In the terminal, the surfaceFeatureExtract
command will read the surfaceFeatureExtractDict
, extract the feature edges, and save the eMesh
file ready for snappyHexMesh to read.
It is worth mentioning that the explicit feature extraction is optional. Many users just skip it and instead uses refinement based on implicit features.
The implicit feature edge resolution and the curvature refinement level
Under the section castellatedMeshControls
in the dictionary snappyHexMeshDict
, the resolveFeatureAngle
value is used to decide whether to do curvature refinement. When the angle is larger than the resolveFeatureAngle
value, the cells will be further refined. In other words, a smaller value brings better resolution. Mind the angle in this figure, which is different from the angle in the above one in the previous section.
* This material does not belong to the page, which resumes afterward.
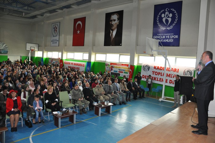 Ardından Kadınları Toplumsal Destekleme Derneği Başkanı Müjgan Erdem ise "Kadının toplumda söz sahibi olduğunu biliyoruz. 'Cennet anaların ayağının altındadır' diyen Peygamber Efendimizin izinden gidenler olarak, kadına verilen değerin çok yüksek olduğunu söylemek istiyorum" dedi.

In the same example, if I want to resolve the edge at a 175° obtuse angle as the feature edge, I have to set the resolveFeatureAngle
to less than 5°.
castellatedMeshControls
{
...
resolveFeatureAngle 30;
...
}
In the subsection refinementSurfaces
, call the surfaces where you want to refine and give the level
values. In this case, when the edge is resolved, snappyHexMesh will do curvature refinement to level 6, otherwise just simple surface refinement level 5.
castellatedMeshControls
{
...
refinementSurfaces
{
motorBike
{
//The surface refinement level and the curvature refinement level
level (5 6);
}
}
...
}
Play with the four parameters
Play with the four parameters, i.e. two angles and two levels, and you will get the satisfying refinement effect.
These are some case photos I saw on wolfdynamics.com, which could work as decent references.
You may notice in the last comparison, the small resolveFeatureAngle
value made the whole surface refined. In some cases, there are indeed obtuse angles to resolve and it seems we have to choose a small resolveFeatureAngle
, which may bring about something like a ‘global refinement’ we don't want. Actually, we can keep staying with a larger resolveFeatureAngle
and at the same time manually assign some edges >> for explicit feature edge refinement to use, then even if the patches are in the same plane, i.e. along a flat surface, we can still get the refinement we want.